Immunological changes around 60°C?

It is important to note that the temperature choice around 60°C also affects the immunological quality of the (raw) milk. It may seem like a small difference whether you heat the milk to 60 °C or 63 °C for 10-30 minutes. However, the limit of 60 °C seems crucial for preserving the properties associated with raw milk.

Various studies show (Figs. 4-5) that heating to around 60 °C causes certain changes in the milk. Mice do not have an allergic reaction to raw milk that has been heated to 50 or 60 °C, but they do have a reaction after the milk was heated to 65 °C or higher (Fig. 4). When you look at in vitro research with the most important whey protein, beta-lactoglobulin (BLG), you see that the immune response hardly changes up to 60 °C compared to raw milk, but between 60 and 80 °C it rises steeply (fig. 5). Heating milk above 60 °C therefore results in an increased immunological response. The change in BLG immunoreactivity is an indication of this, but other heat-sensitive whey proteins probably also play a role here.
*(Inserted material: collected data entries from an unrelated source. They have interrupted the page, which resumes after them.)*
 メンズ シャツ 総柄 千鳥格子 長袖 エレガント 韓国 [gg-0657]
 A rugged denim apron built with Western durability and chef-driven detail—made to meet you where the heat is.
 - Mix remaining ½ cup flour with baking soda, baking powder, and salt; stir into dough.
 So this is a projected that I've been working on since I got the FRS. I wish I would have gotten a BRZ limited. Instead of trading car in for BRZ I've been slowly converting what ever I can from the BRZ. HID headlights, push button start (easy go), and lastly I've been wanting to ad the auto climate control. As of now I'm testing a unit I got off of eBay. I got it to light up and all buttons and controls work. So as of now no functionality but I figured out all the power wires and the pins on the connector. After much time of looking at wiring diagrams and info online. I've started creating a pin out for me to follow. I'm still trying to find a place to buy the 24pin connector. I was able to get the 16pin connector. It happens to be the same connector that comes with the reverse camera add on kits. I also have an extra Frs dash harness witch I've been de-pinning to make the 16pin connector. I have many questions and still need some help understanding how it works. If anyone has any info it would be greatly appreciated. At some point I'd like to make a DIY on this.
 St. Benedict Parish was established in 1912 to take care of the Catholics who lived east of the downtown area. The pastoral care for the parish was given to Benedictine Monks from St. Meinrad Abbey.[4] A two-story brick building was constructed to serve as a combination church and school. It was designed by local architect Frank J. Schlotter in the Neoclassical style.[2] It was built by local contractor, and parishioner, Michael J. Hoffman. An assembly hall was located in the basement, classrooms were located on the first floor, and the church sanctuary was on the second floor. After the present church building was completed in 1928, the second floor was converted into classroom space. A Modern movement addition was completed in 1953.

Fig 4. Allergic reaction after gradual heating of milk can be divided into two areas: up to 60 oC (green: thermisation) and above 65 oC (red: pasteurisation).
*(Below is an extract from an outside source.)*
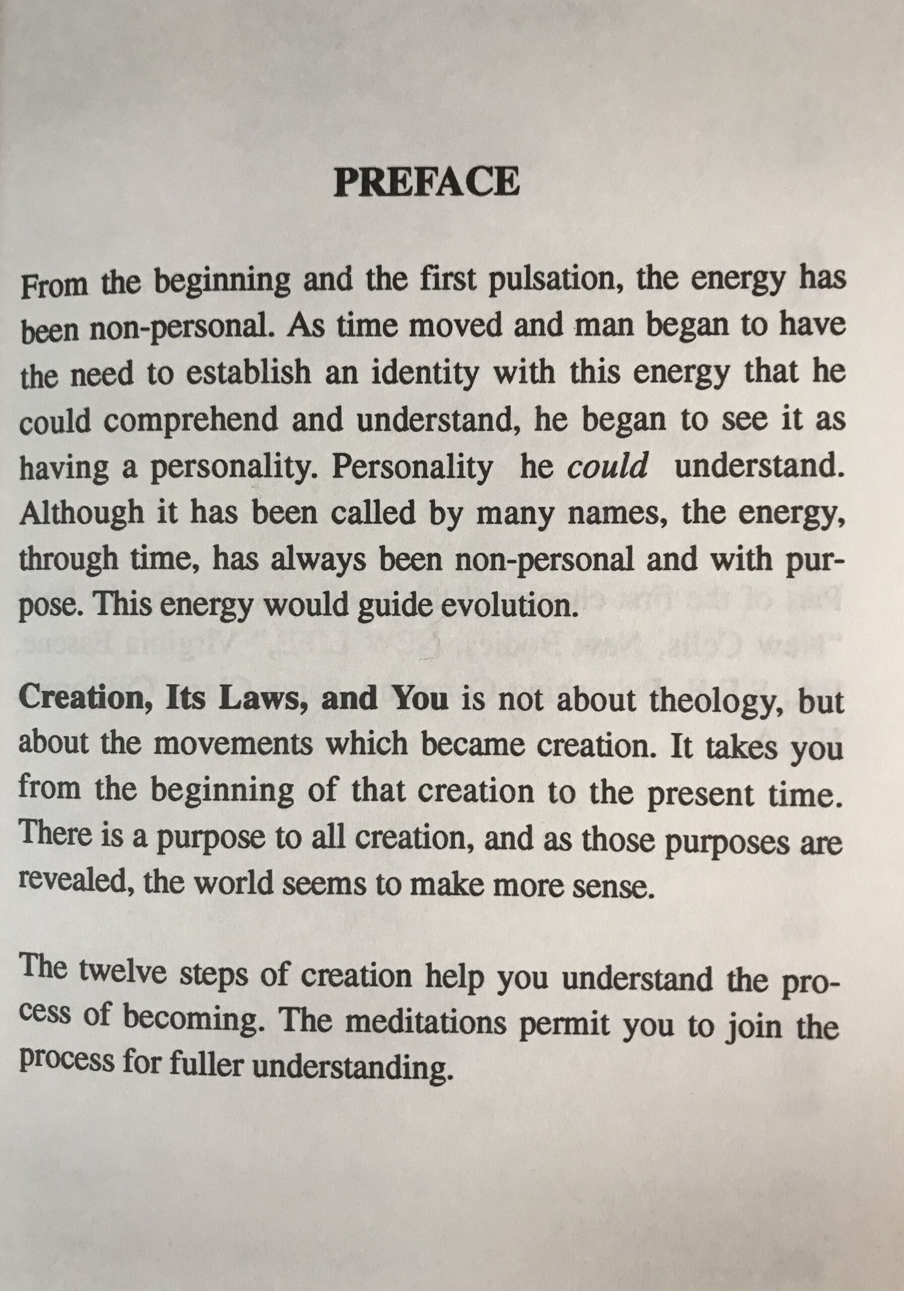This is a treasure of a book describing how creation unfolded, from the first pulsation to the present time. Julian explains that the purpose of these non-personal energies is to guide evolution. Described are the twelve steps of creation, which include the Universal Laws, the numbers and elements, the astrological energies of the planets, the choirs of angels and more. This is a wonderful read for anyone curious about the nature of reality.

Fig 5. Increasing heating of the whey protein Beta-Lactoglobulin (BLG) and immunoreactivity in vitro: up to 60 oC there is a slight increase, above that (60 to 80 oC) there is a sharp increase in immunoreactivity. Highly heated BLG (‘boiled milk’) loses its immunological properties.

Were Louis Pasteur and Lady Eve Balfour right?
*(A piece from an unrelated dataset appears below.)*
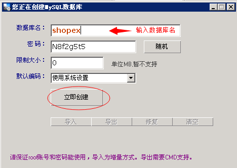 2.输入mysql数据库名,如果已经创建过该数据库名,请换一个未使用过的。密码为了保证复杂性,可以使用系统自动生成的密码,不做修改,默认编码不做修改。然后点“立即创建”。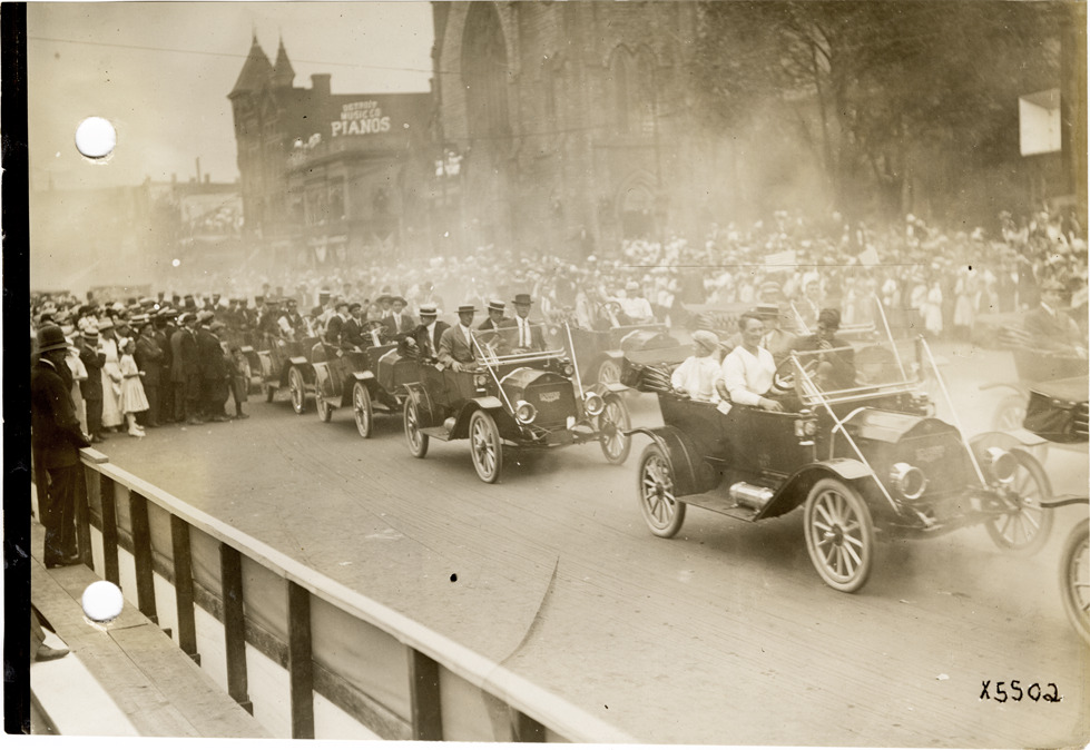 View of motorists driving Flanders electric cars in parade during Cadillaqua celebration in Detroit, Michigan. Stamped on back: "Spooner & Wells, Inc., photographers, 1231 Woodward Ave., Detroit, Mich., telephone North 1745." Handwritten on back: "Cadillaqua celebration, Detroit, 1912."

Pasteur focused on the taste and shelf life of the raw product (in the 1860s) and advocated low heating temperatures for beer and wine (Westhoff, 1978). Not pasteurisation, but thermisation. Lady Eve Balfour, as chair of the Soil Association, was willing to accept pasteurisation of raw milk (around the Second World War) as a temporary measure at a time when tuberculosis was present among cows and humans. TB (and most other infectious diseases) has now been curbed (read: eradicated) to such an extent that an important reason for pasteurising milk has disappeared. Knowledge about farm hygiene, milk cooling, the safety of raw milk and subclinical mastitis in cows is now so advanced that modern raw milk is generally as safe for consumption as raw milk (Berge and Baars, 2020). This certainly applies to those farmers that pay extra attention to the production of their raw milk, for example the German Vorzugsmilch, the English dairy farmers affiliated with the RMPA (Raw Milk Producers Association) or the American farms affiliated with RAWMI (Raw Milk Institute). These companies know what they are doing, maintain strict process control and have a well-established hygiene protocol. Even for new zoonotic problems, such as STEC, the hygiene measures at such companies seem to be sufficient to be able to supply extremely safe raw milk.

It has been a long road in terms of knowledge, technology and control, but it is possible: safe raw milk production and consumption. Now all that remains is acceptance.

Literature

  • Abbring, S., Xiong, L., Diks, M. A., Baars, T., Garssen, J., Hettinga, K., & van Esch, B. C. (2020). Loss of allergy-protective capacity of raw cow’s milk after heat treatment coincides with loss of immunologically active whey proteins. Food & function, 11(6), 4982-4993.
  • Berge, A. C., & Baars, T. (2020). Raw milk producers with high levels of hygiene and safety. Epidemiology & Infection, 148.
  • Jenkins, H. (1926). Experiments on the pasteurisation of milk, with reference to the efficiency of commercial pasteurisation. Epidemiology & Infection, 25(3), 273-284.
  • Karamonová, L., Fukal, L., Kodíček, M., Rauch, P., Mills, E. C., & Morgan 1, M. R. (2003). Immunoprobes for thermally-induced alterations in whey protein structure and their application to the analysis of thermally-treated milks. Food and agricultural immunology, 15(2), 77-91.
  • McKeown, T. (2016). Determinants of Health. In Understanding and applying medical anthropology (pp. 99-104). Routledge.
  • Westhoff, D. C. (1978). Heating milk for microbial destruction: A historical outline and update. Journal of Food Protection, 41(2), 122-130.